24 years of coca and eradication in Colombia

Over the years I’ve been inadvertently building a big collection of “graphs that need periodic updating, which makes them more complicated.”

This one depicts coca cultivation in Colombia, and efforts to eradicate it, since 1994. There are two measures of coca cultivation, from the United States and the UN. Eradication has mostly occurred through aerial spraying of herbicides (which stopped in 2015) and through manual uprooting or spraying of plants.

New U.S. data came out yesterday, with a stern scolding from the White House. The UN hasn’t issued its 2017 estimate yet, but local media have reported 180,000 hectares last year.

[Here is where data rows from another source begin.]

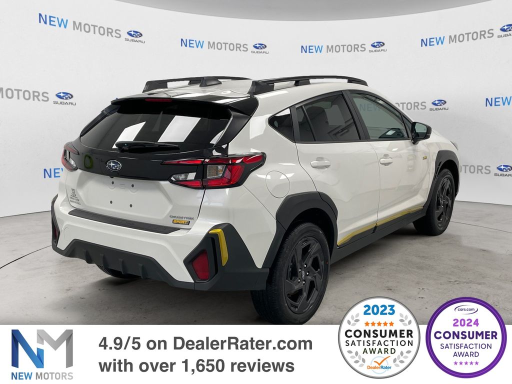 What helps set us apart from all the rest at New Motors is our New Motors Pledge package. This includes the following for every new and used vehicle purchased: * Warranty Forever program on all purchased Subaru vehicles (lifetime powertrain warranty) * Receive free inspections on all leased Subaru vehicles (excludes emissions and sticker fees) * 40+ Loaner vehicles * 10% off Accessories (1st year) * Free car wash every service visit * Multi-point vehicle inspection * Free Alignment check with every service visit * Courtesy Shuttle * 2 dedicated delivery/product specialists on staff * Complimentary High Speed Wi-fi Internet * Complimentary beverages and snacks * At New Motors we make our pledge to you to make sure that you're back on the road with affordability, reliability, and style. For more information give us a call at (814) 868-5516. Crystal White Pearl 2025 Subaru Crosstrek Sport 2.5L 4-Cylinder DOHC 16V 27/33 City/Highway MPG
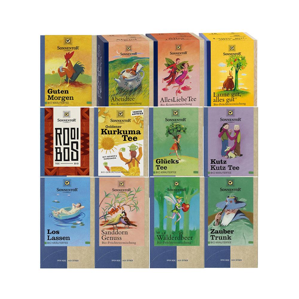 | Sorte | Glückstee á 1,5g 18 Btl, Alles Liebe Kräutertee á 1,5g 18 Btl, Goldener Kurkuma Tee à 2g 18 Btl, Rooibos natur a 1,08g 18 Btl, Abendtee á 1,5g 18 Btl, GutenMorgenTee á 1,5g 18 Btl, Kutz Kutz Tee á 1,5g 18 Btl, Laune gut, alles gut á 2,5g 18 Btl, Loslassen á 1,5g 18 Btl, Sanddorn Genuss á 3g 18 Btl, Walderdbeer Tee á 3g 18 Btl, Zaubertrunk Kräutertee 18 Btl |
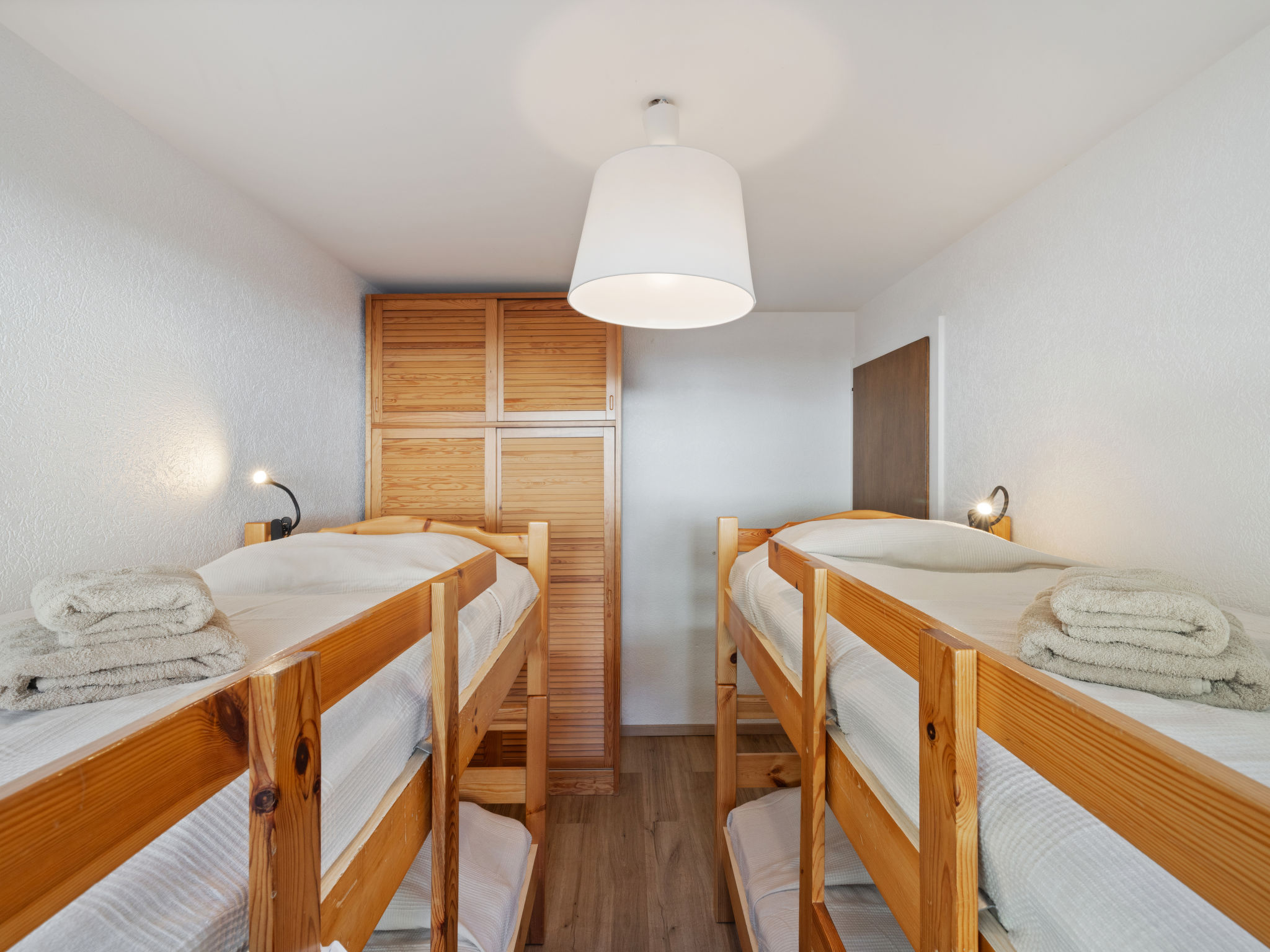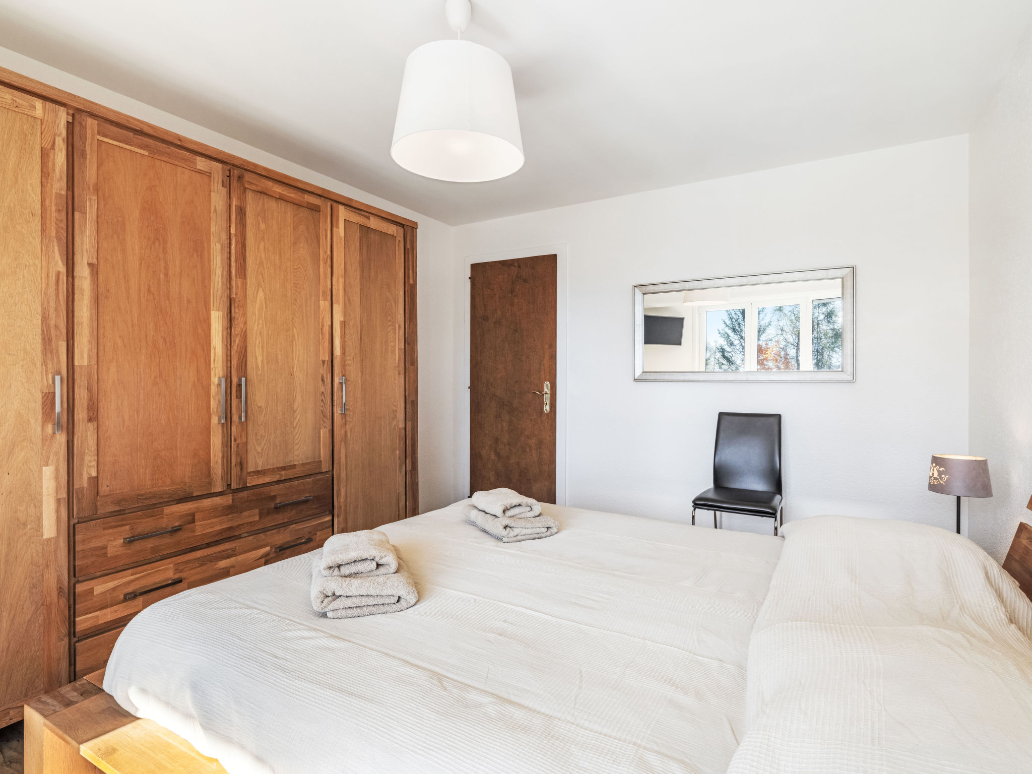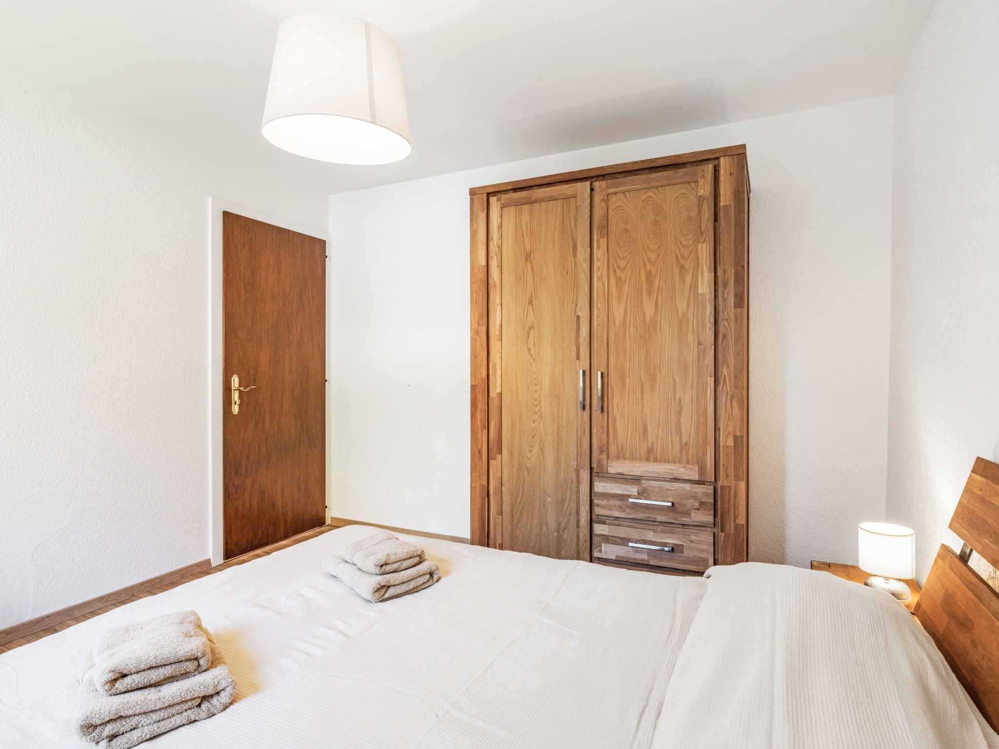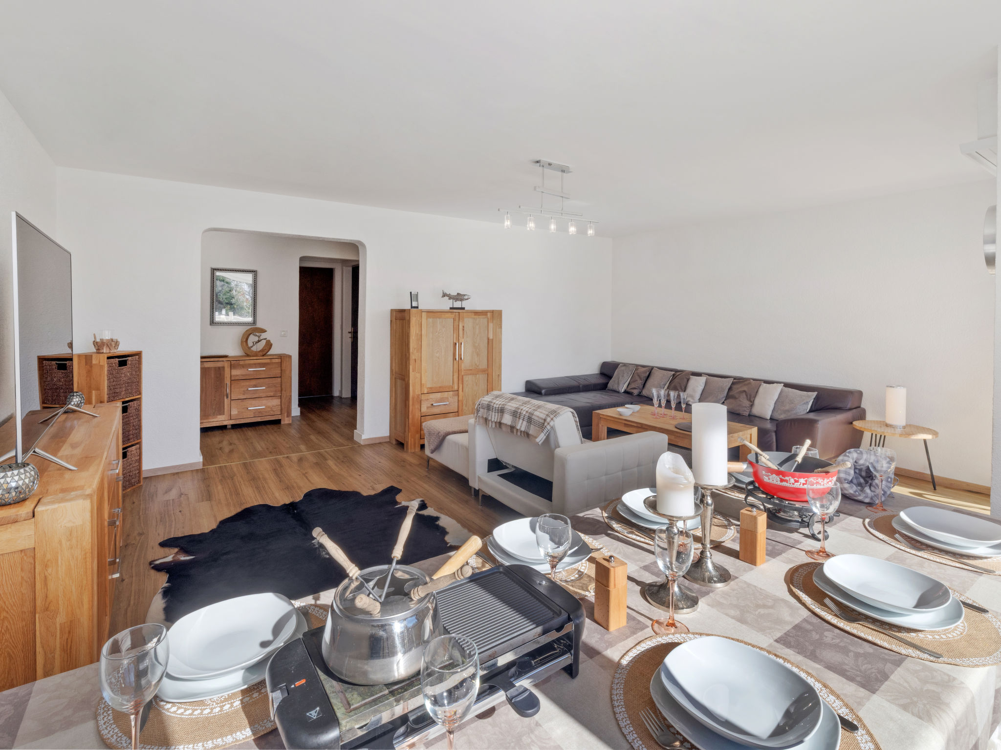 4-Zimmer-Wohnung 100 m2, im erhöhten Erdgeschoss. Vollständig renoviert im Jahre 2016, schön eingerichtet: Wohn-/Esszimmer mit Kabel-TV, Flachbildschirm, Video, Radio und CD. 1 Zimmer mit 1 franz. Bett (180 cm, Länge 200 cm), Kabel-TV (Flachbildschirm). Ausgang zum Balkon, Richtung Süden. 1 Zimmer mit 1 franz. Bett (180 cm, Länge 200 cm). 1 Kinderzimmer mit 2 x 2 Etagenbetten (90 cm, Länge 190 cm). Küche (Backofen, Geschirrspüler, 4 Glaskeramikherd Platten, Toaster, Wasserkocher, Mikrowelle, elektrische Kaffeemaschine, Kapseln für die Kaffeemaschine (Nespresso) extra, Racletteofen, Fondue Set (Chinoise, Käse)) mit Esstisch. Bad/WC, Dusche/WC, Doppelwaschbecken. Grosser Balkon, Südlage. Balkonmöbel, Liegestühle (2). Sicht auf die Berge und die Landschaft. Zur Verfügung: Bügeleisen, Haartrockner. Internet (Wireless LAN, gratis). Garage Nr. 26, Höhe 200 cm, Breite 230 cm. Bitte beachten: Nichtraucher-Unterkunft.

This chart tells quite a story if you stare at it long enough. But my main takeaways are:

  • Aerial herbicide fumigation—the cruelest of the strategies because it anonymously dumps herbicides over small farmers’ legal crops and homes while leaving behind no government presence—is able to reduce coca cultivation from “insanely high” to “moderately high” levels, after which growers adjust and bring cultivation back up to “high” levels.
  • Manual eradication seems to correlate more strongly with reductions in coca growing, and it requires at least some on-the-ground government presence. But it’s dangerous for the eradicators, generates conflict with communities, and growers replant if the government disappears once the eradicators vacate the area.
  • What hasn’t been tried is actually having a functioning government presence on the ground providing public goods (security, roads, land titles) necessary for a legal economy to exist. The FARC peace accord offers one version of a blueprint for how to make that work, and has improved security conditions, for now. But with the accord’s critics waiting to take power on Colombia’s August 7 inauguration day, that blueprint’s future is in doubt.